Really, that’s what we need to do to clear the way for peace, to be willing to tell each
other, tell the world what we’re doing wrong? In fear of what Iran might do with nuclear
weapons, declare our failings as Israelis and Americans? Grieving the senseless shootings and
disproportionate incarceration of young black, we should decry the shortcomings in ourselves,
our law enforcement, and our justice system. Angry about the misguided beliefs, rhetoric, and
actions of those on the other side of the political wall –from local school boards to Congress –
we should admit the fallacies and foibles we have been defending? Yea, that’s not so popular.
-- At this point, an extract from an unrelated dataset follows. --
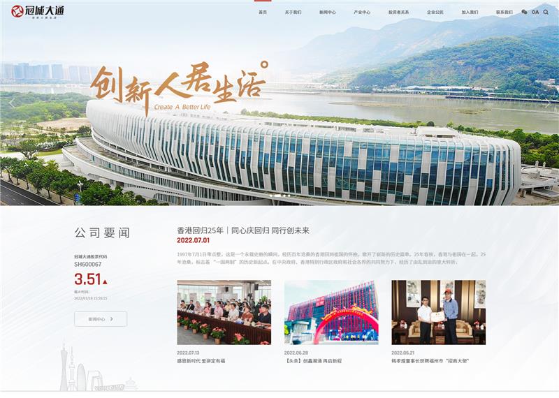 冠城(chéng)大(dà)通(tōng)股份有(yǒu)限公司是(shì)一(yī)家(jiā)曆史悠久、實£力雄厚的(de)綜合性上(shàng)市(shì)公司,股票(piào)代碼SH600067。公司主營業(yè)務為(wèi)房(fáng)地(dì)産開(kāi)發、電(diàn)磁線制(zhì)♦造與銷售,以及锂電(diàn)池電(diàn)解液添加劑的(de)生(shēng)産經營,并涉足金(jīn)融、和(hé)健康養生(shēng)等領域。公司連續多(duΩō)年(nián)榮獲福建企業(yè)百強,福建民(mín)營企業(yè)百強等稱号。

Shouldn’t we be defending our friends and attacking our enemies. Surely Israel already has
enough critics. Won’t adding my concerns about Israeli policy just further weaken Israel? If so,
why does Isaiah want us to be willing to point out our failings, our transgressions?
This quandary has forced me to rethink my positions – not so much my personal and
political convictions, but my relationships to my anger, my fear, my sadness, and the anger and
fear and sadness of those with whom I co-constructed the wall between us. The differences are
there, and are not likely to change. And, I do have choice in the matter if I am willing to rethink
my relationship to them, to choose to be both watchman and scout, and perhaps more bridgebuilding and less missionizing, more Aaron and Isaiah.
Thank you for your willingness to improvise this learning with me. Together, may we
grow, soften, and deepen our capacity to see, feel and will. Ceyn yehi ratzon. And may your fast
be fast, your ease come easily, and your will be willing.